Monday, November 11, 2019

Trump Cranks Religion to 11 As Impeachment Looms


No segment of American society has been more loyal to the morally bankrupt Donald Trump than evangelical Christians.  Having followed the so-called "Christian Right" - which is neither Christian nor right about anything - it's of little surprise.  Among evangelical leaders - I refer to them as "professional Christians" - it has never been about spreading the gospel message, especially how one is to care for the less fortunate, but rather all about self-enrichment and worldly power.  Their followers are similarly toxic inasmuch as their main motivations are based on animus to others rather than an embrace of Christ's message. In may ways, they and Donald Trump were made for each other: they, like Trump are frauds and their leaders little more than snake oil merchants and con-artists.  Trump seemingly saw these folks for what they are and has used promises of special rights and policies harmful to those they dislike to cement an unholy alliance.  Now, with the impeachment process intensifying, Trump has turned up his shameless courting of these morally deficit individuals.  A piece in Rewire looks at Trump's actions which are reminiscent of those of Richard Nixon when faced with the specter of impeachment.  Here are excerpts:

As Trump’s impeachment fears intensify and the House formalizes its impeachment process, the White House has cranked the religion up to eleven. On Tuesday, twenty-five evangelical megachurch leaders prayed for and with Trump in the Roosevelt Room of the White House, in a grand spectacle. So much for Jesus’s condemnation of public prayer as hypocrisy in his Sermon on the Mount. 
Then, on Thursday night, the White House announced that one of those preachers, Paula White, a televangelist, is joining the White House staff on the Faith and Opportunity Initiative. Earlier in October, Mike Pompeo and Bill Barr delivered now infamous speeches tying the administration to Christian nationalism.
This religious revival is all about impeachment. The hour-long prayer session included a standing ovation and was widely covered by Fox News and other conservative outlets, who explicitly characterized the prayers as a pushback against impeachment.

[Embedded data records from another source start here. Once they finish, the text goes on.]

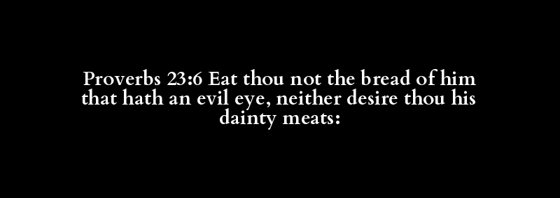 Proverbs 23:6 Eat thou not the bread of him that hath an evil eye, neither desire thou his dainty meats: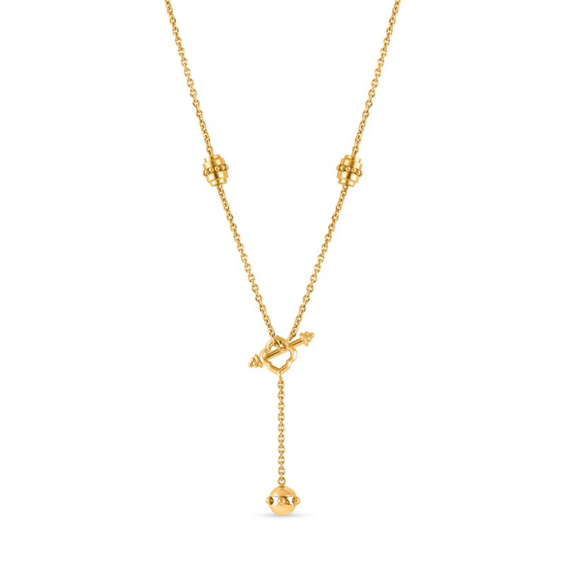 Saf malzemeden üretilmiştir 22ct altın, bu kolye otantikliği yansıtıyor zanaatkarlık. Tasarımın merkezinde yer alan granüle ses bilyesi, bilyeyi sertleştiren benzersiz bir teknik kullanılarak dövülmüştür. alaşımyumuşak, yankılanan bir ses yaratır. Her ayrıntısı hassasiyetle işlenmiş olup, dayanıklılığı tüm cilt tonlarını tamamlayan sıcak, davetkar bir altın rengi ile birleştirir.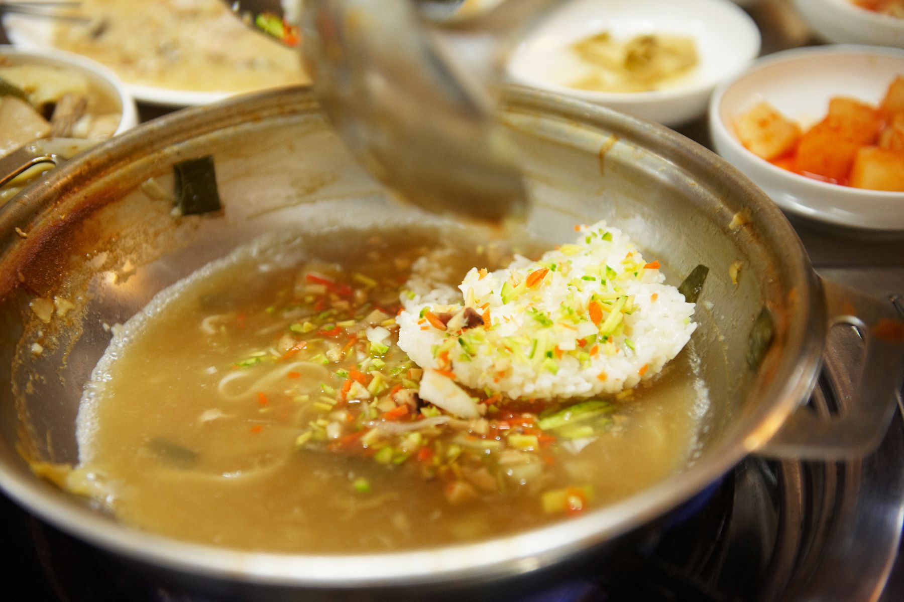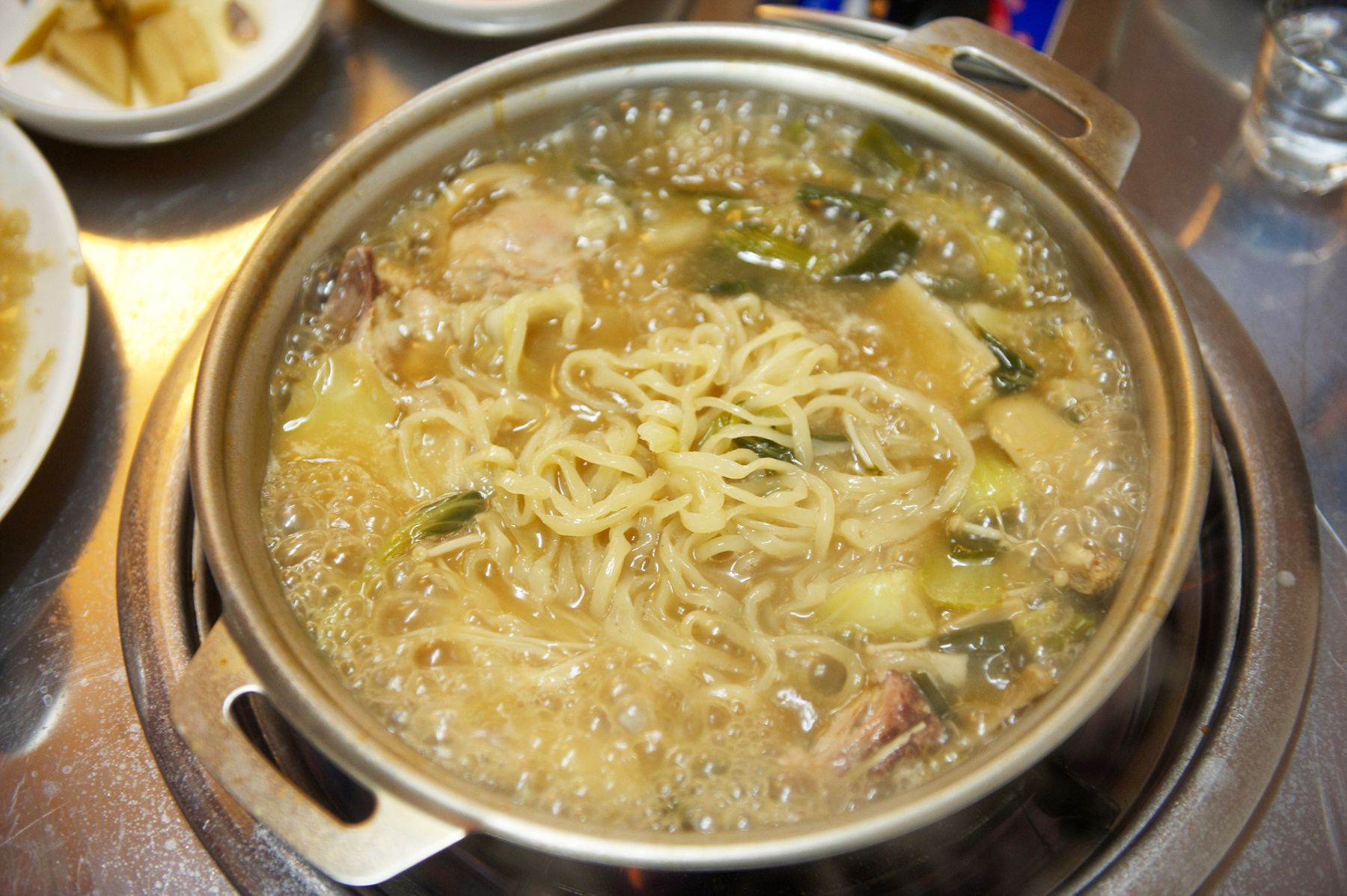 면발이 탱탱한 칼국수를 남은 닭육수에 말아서 드시거나

Nixon turned to religion as the Watergate wave broke over his administration. His first address to the nation about “the Watergate affair” announced the resignations of three senior staffers and the firing of White House Counsel John Dean. It was the first time a president ended a speech with the phrase “God bless America.” The phrase was not merely an offhand religious remark, but part of an overt appeal to Chrisitans all over the nation, a reminder that Nixon was one of them: “I ask for your prayers to help me in everything that I do throughout the days of my presidency. God bless America and God bless each and every one of you.” Nixon also managed to mention “Christmas”—in April—and work in the phrase “God-given rights.”
Eleven months after the first Watergate/’God Bless America’ address, Nixon’s popularity plummeted and the noose of impeachment tightened, so he set off on a public relations tour to woo southern members of the House committee in charge of that impeachment. His first stop was the Grand Ole Opry, where he closed the evening by playing “God Bless America” on the piano so that the crowd would sing along.

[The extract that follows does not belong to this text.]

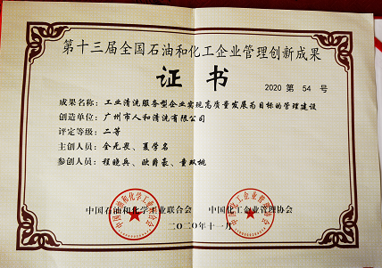 11月11日,第十三屆全國石油和化工企業管理創新大會在山東菏澤舉行,會上有105項管理創新成果發布,展示了我國石油和化工企業管理創新成就。廣州市人和清洗有限公司創新成果《工業清洗服務型企業實現高質量發展為目標的管理建設》通過層層選拔和專家評審,榮獲“第十三屆全國石油和化工企業管理創新成果二等獎”。

Nixon used religion as a political tool throughout his career. Scholars credit him with bringing evangelicals into the GOP. He and Billy Graham used each other in a toxic relationship of religion, politics, and, as tapes later showed, anti-Semitism. Like Trump, Nixon invited evangelicals into the White House and the halls of power in ways previously unseen in a country that adopted the separation of state and church as a founding principle. However, even with that baseline piety, Nixon’s public displays of religion seemed to get more ostentatious as impeachment heated up.

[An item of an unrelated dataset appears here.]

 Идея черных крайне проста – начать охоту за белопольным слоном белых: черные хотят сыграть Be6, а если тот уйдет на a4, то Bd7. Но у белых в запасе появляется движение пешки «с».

But why? First, there’s a realpolitik element. Trump, like Nixon, is shoring up his base of evangelical support. “Don’t worry. Your leaders still support me. I even gave one a White House salary,” he seems to be saying. This is both un-American and irreligious. When religion is used as a political weapon, it becomes weakened and tainted
The separation of state and church is regularly used to keep religion out of government. But it’s also meant to allow religion to remain free of the taint of the day-to-day political power struggle. This is why Madison wrote that “religion and government will both exist in greater purity, the less they are mixed together.” Politicians taint religion by using it as a political tool. Indeed, Madison’s writing is a prescient warning about Donald Trump. 
The second reason Trump is cranking up the religion is, as I explain in The Founding Myth, to distract the masses and cloak a criminal in the mantle of religion. Religion can be simple shorthand for tribal allegiance, but it also has the power to distract from important issues that actually affect governance and to serve as a rhetorical substitute for genuine morality.
Nixon asked people to pray for him and ended with “God bless America” to remind the nation that he was religious and therefore moral, and thus either innocent or deserving of forgiveness. Trump is doing the same with his gaggle of evangelical bootlickers. The only difference is that with Trump, evangelicals seem content to concede that he is not moral, but an “imperfect vessel” doing their god’s will. We’ll have to wait and see, as Trump continues his campaign of religious pandering, whether he’s done enough to earn the “deserving of forgiveness” label. One thing is certain, more public piety is in our future.